[[ Data section open ]]

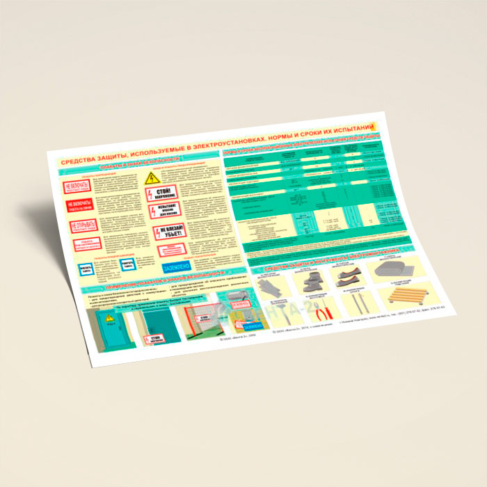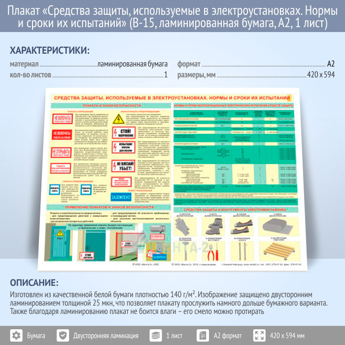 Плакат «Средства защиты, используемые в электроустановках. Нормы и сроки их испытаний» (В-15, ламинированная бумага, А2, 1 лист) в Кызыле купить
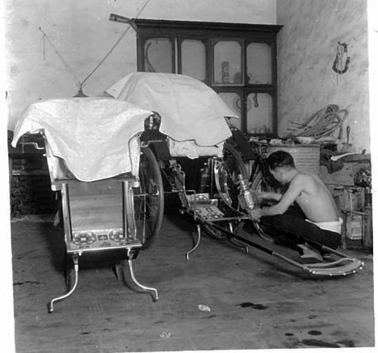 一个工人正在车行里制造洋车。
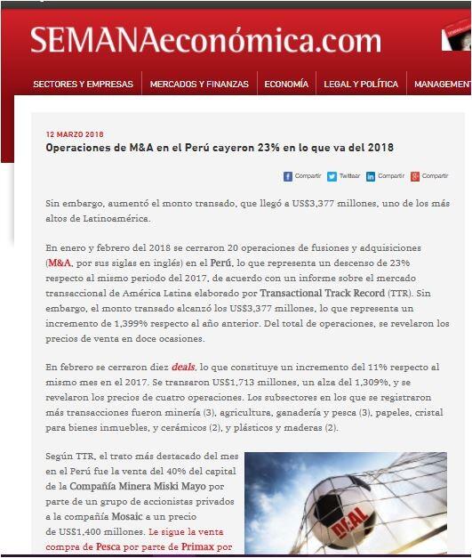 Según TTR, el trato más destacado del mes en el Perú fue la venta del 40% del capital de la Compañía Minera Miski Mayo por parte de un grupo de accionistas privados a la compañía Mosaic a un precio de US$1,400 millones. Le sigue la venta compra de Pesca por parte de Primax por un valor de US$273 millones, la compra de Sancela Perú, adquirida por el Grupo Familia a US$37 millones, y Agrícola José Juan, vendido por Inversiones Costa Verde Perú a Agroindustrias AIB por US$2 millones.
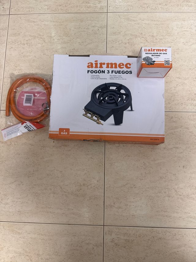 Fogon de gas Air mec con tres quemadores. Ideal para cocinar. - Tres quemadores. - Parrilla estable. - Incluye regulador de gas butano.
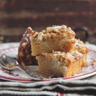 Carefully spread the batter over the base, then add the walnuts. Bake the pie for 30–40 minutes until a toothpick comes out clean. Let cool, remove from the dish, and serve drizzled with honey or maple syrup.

[[ Data section closed ]]
[[ Data section open ]]

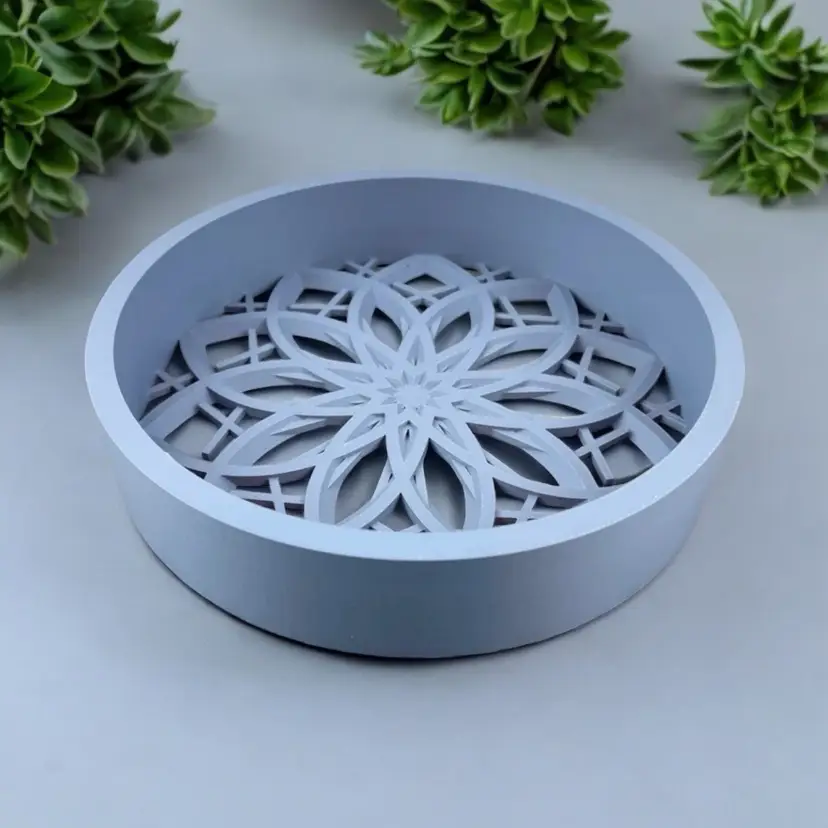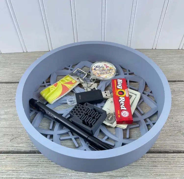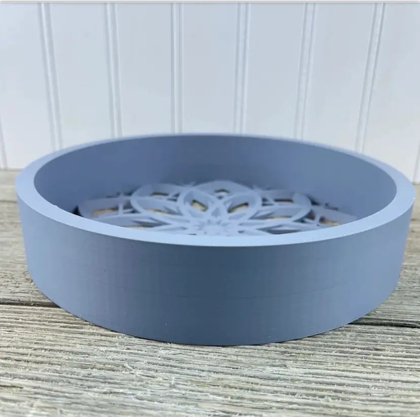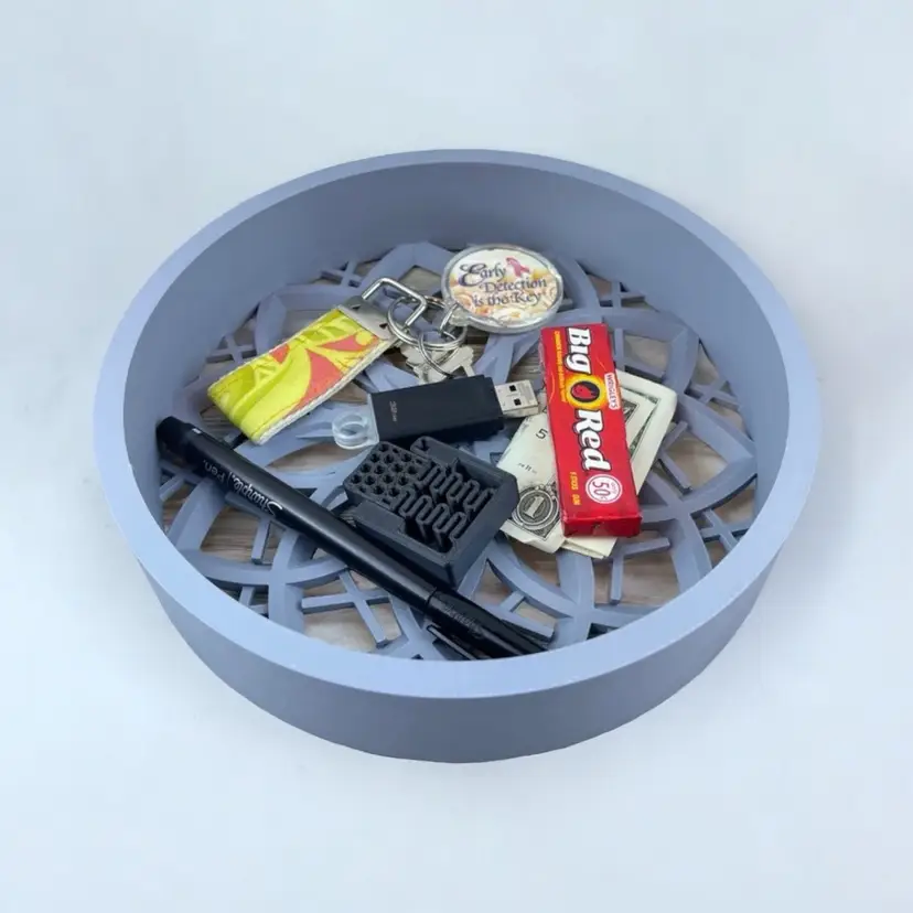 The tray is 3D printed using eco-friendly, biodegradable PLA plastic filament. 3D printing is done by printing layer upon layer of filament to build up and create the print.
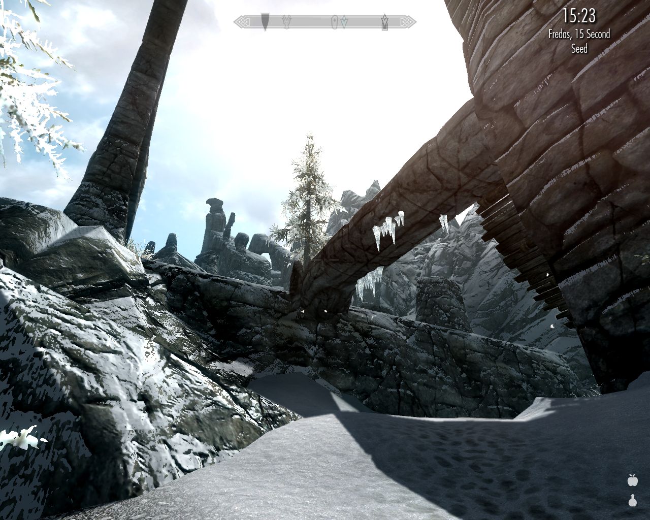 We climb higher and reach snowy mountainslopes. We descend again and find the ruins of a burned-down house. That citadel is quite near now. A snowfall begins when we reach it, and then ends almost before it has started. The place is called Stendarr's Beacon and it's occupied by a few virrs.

[[ Data section closed ]]

### Brief
What is needed is an exact copy of only the lines above from the one with "Fogon de gas" to the one with "Carefully spread the", both kept, with every picture left out.

### Solution to the problem
 Fogon de gas Air mec con tres quemadores. Ideal para cocinar. - Tres quemadores. - Parrilla estable. - Incluye regulador de gas butano.
 Carefully spread the batter over the base, then add the walnuts. Bake the pie for 30–40 minutes until a toothpick comes out clean. Let cool, remove from the dish, and serve drizzled with honey or maple syrup.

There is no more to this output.